Here it was again, the aborigines’ amazement that a woman with child should assume activities normally relegated to the male realm. She smiled. “Aye, ‘tis sure I am.”
The slender young woman nodded solemnly. “I clean the breakfast dishes now.” She retreated from the room on silent, bare feet, her dark skin melding with the corridor’s shadows.
Feeling as if she were straining every muscle in her body, Amaris mounted Wind Runner and rode with Baluway and three hands out to the paddock where a flock of new lambs were to be marked.
The men, all ex-convicts, accorded Baluway a respect that few white men did for the aborigine: His skills as a spear thrower and sheep rancher were well known. He was not as brutal as many white overseers, and the grateful ex-convicts worked diligently.
She worked alongside the men, envying their brief attire. Hampered by her clothing, her movements were constrained. As the sun rose higher, she grew hotter.
When lunchtime came, she climbed a grassy slope to sit where she could catch a breeze. She was toying with a dandelion, watching its fluffy seeds take sail on the breeze, when she sighted several figures moving at a steady pace on the distant plains. At first she thought they might be wallabies, the medium-sized kangaroos.

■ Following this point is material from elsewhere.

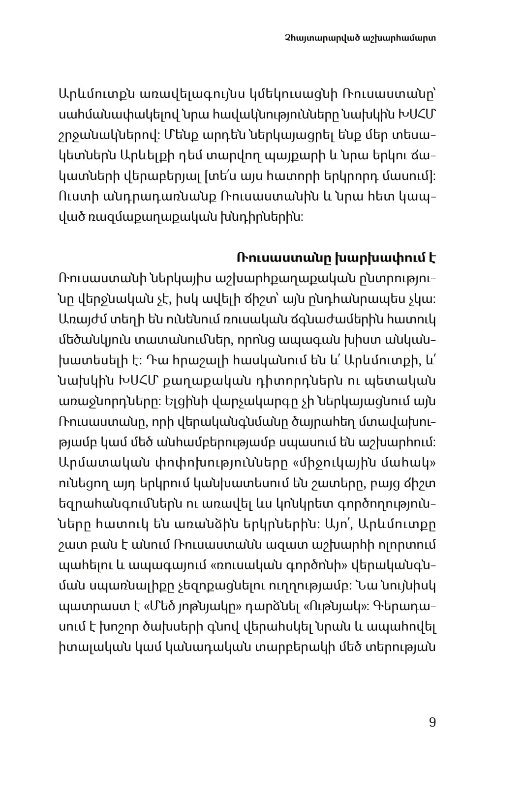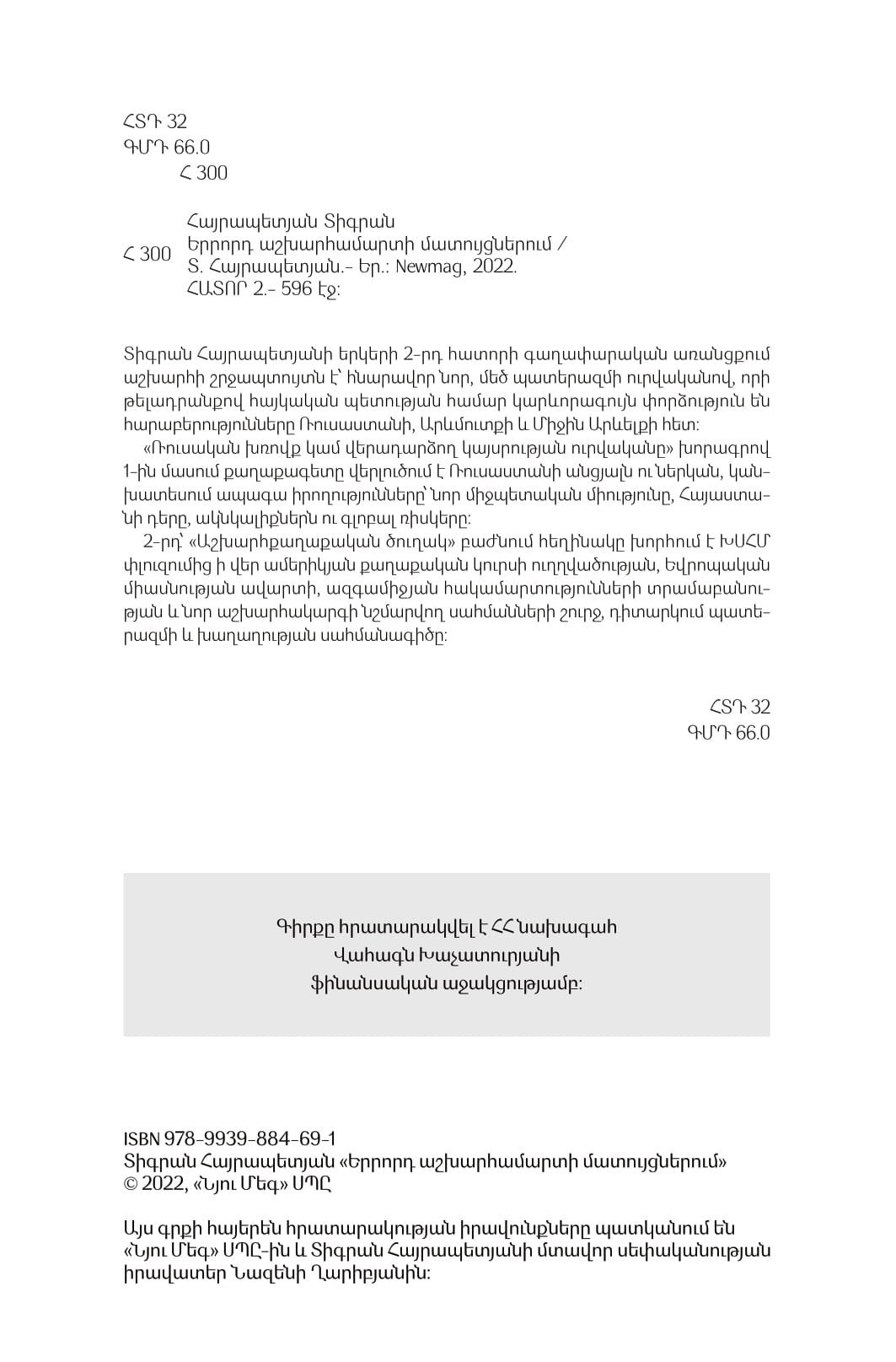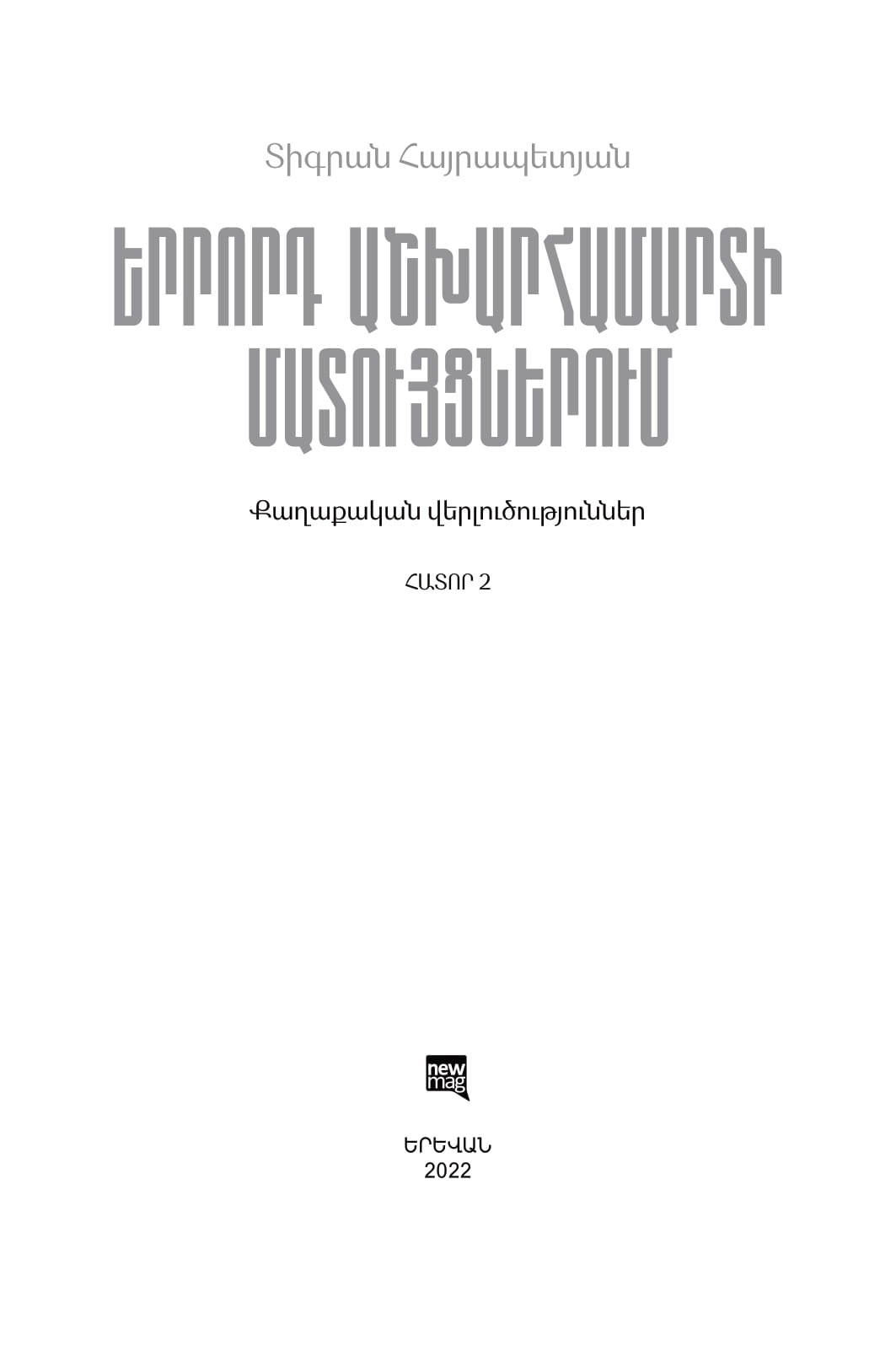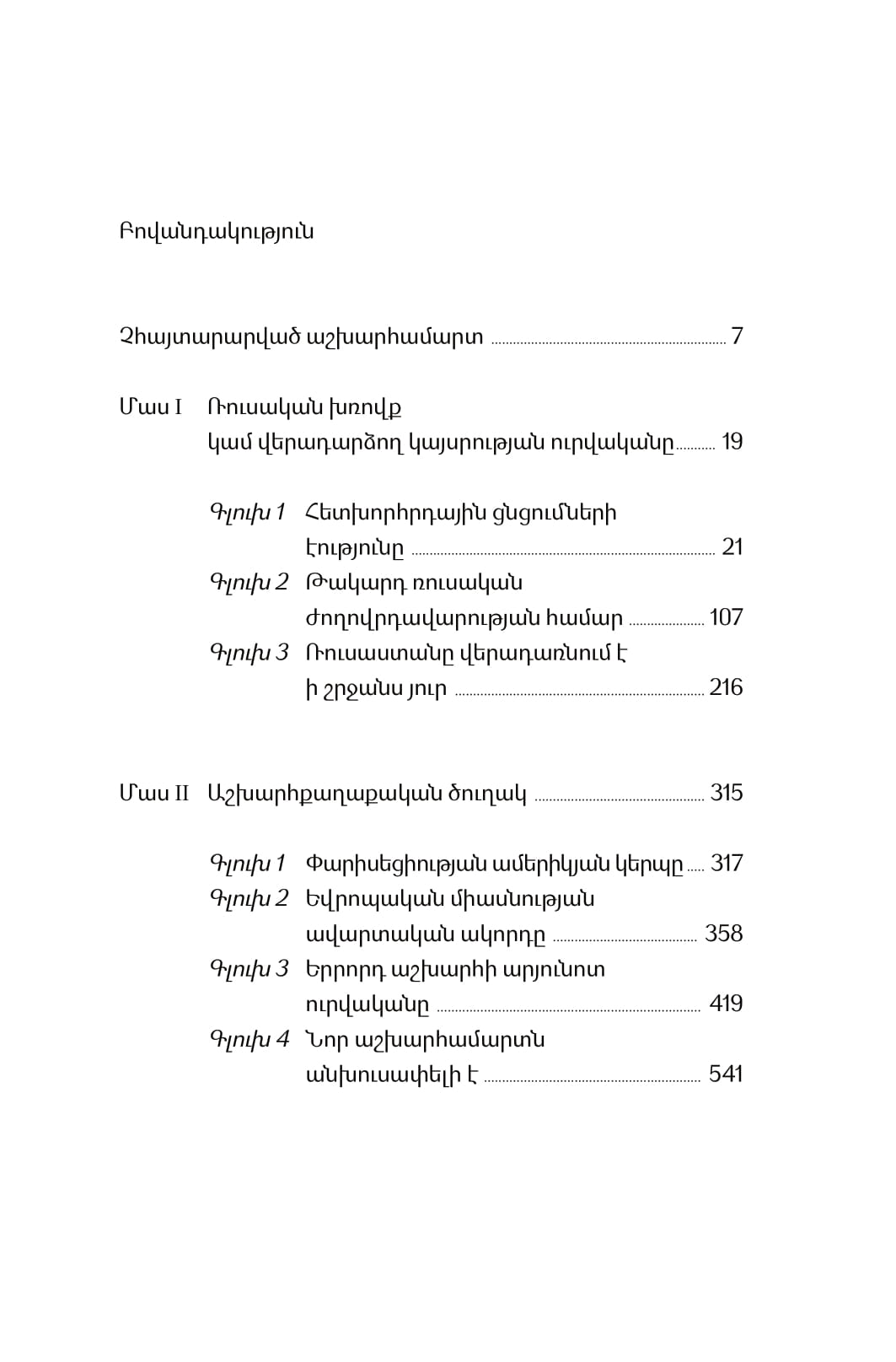 The ideological core of the 2nd volume of Tigran Hayrapetyan's works is the revolution of the world with the specter of a possible new, great war. Tigran wrote about Russia, the West and the Middle East which are the most important test for the Armenian state. In the 1st part called "Russian Rebellion or the Ghost of the Returning Empire", the political scientist analyzes Russia's past and present, predicts future realities: the new interstate union, the role of Armenia, expectations and global risks. In the 2nd part called "The Geopolitical Trap", the author reflects on the direction of the American political course since the collapse of the USSR, the end of European unity, the logic of inter-ethnic conflicts and the marked boundaries of the new world order, the borderline between war and peace.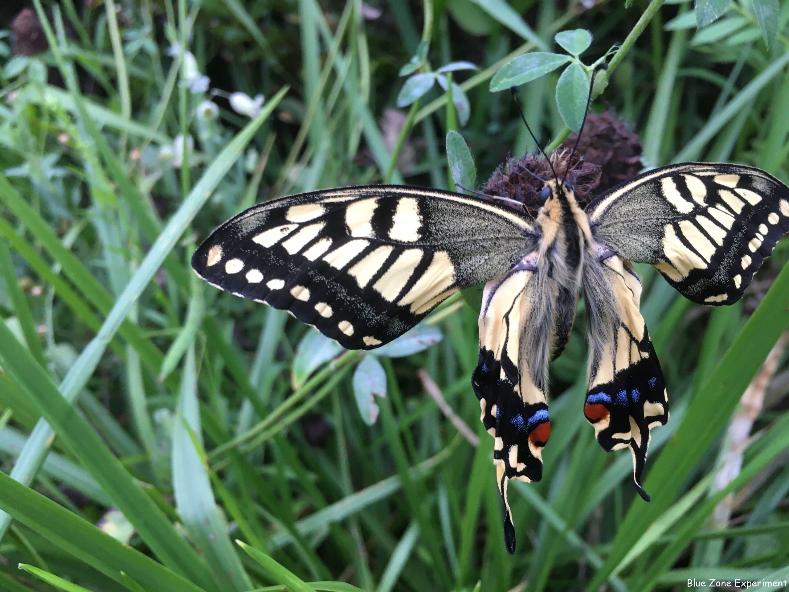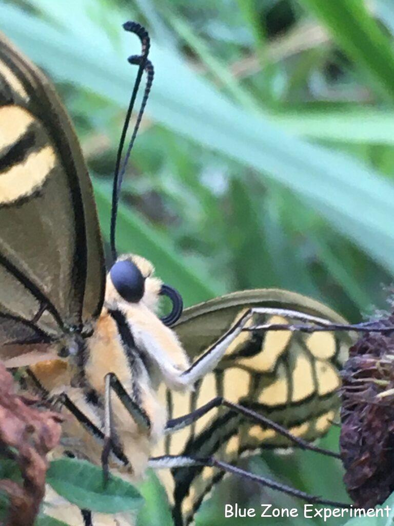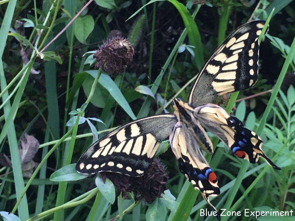 作業中にキアゲハを発見しました。近づいても逃げません。よく見ると、羽化したばかりのようで、まだ翅がすっかり伸び切っていないようです。じっと翅を乾かしているところでした。しばらくしてから見に行くと、まだ同じ場所にいます。ここはこの前カマキリがいた場所。無事を祈りながらそっとしておきました。次に見に行くと、草の上に落ちていました。翅は傷ついていないようです。そっと近くにあったローズマリーに移動させると、翅を小刻みにばたつかせ始めました。翅を乾かすためでしょうか? しばらくそうしていたあと、飛び上がったものの草の上に着地。でも、すぐに飛び立っていきました!

With awkward movements, she pushed to her feet and, shading her eyes with her hand, watched as the figures drew closer. They turned out to be three aborigine runners.
With careful steps she made her way down the hill and joined Baluway and the hands just about the same time the runners arrived. Despite the distance they must have run, they were breathing lightly. Ignoring her, they spoke with Baluway in a rapid, excited patois.
Baluway nodded several times. Beneath his wide nose, his mouth was flattened in a solemn line. He turned to her. “The Gagudju tribe makes war on mine. Much death.”
At first, the import of his words didn’t sink in. Then she realized. Her parents were in danger—if not already murdered. “How far is your tribe from here?”
“Maybe one—two days to Hollow Hill.”
“We’re going back to the house.” She swung around and started for her hobbled mount, all the while she talked. “We’ll need more ammunition, food rations, bandage strips and ointment—”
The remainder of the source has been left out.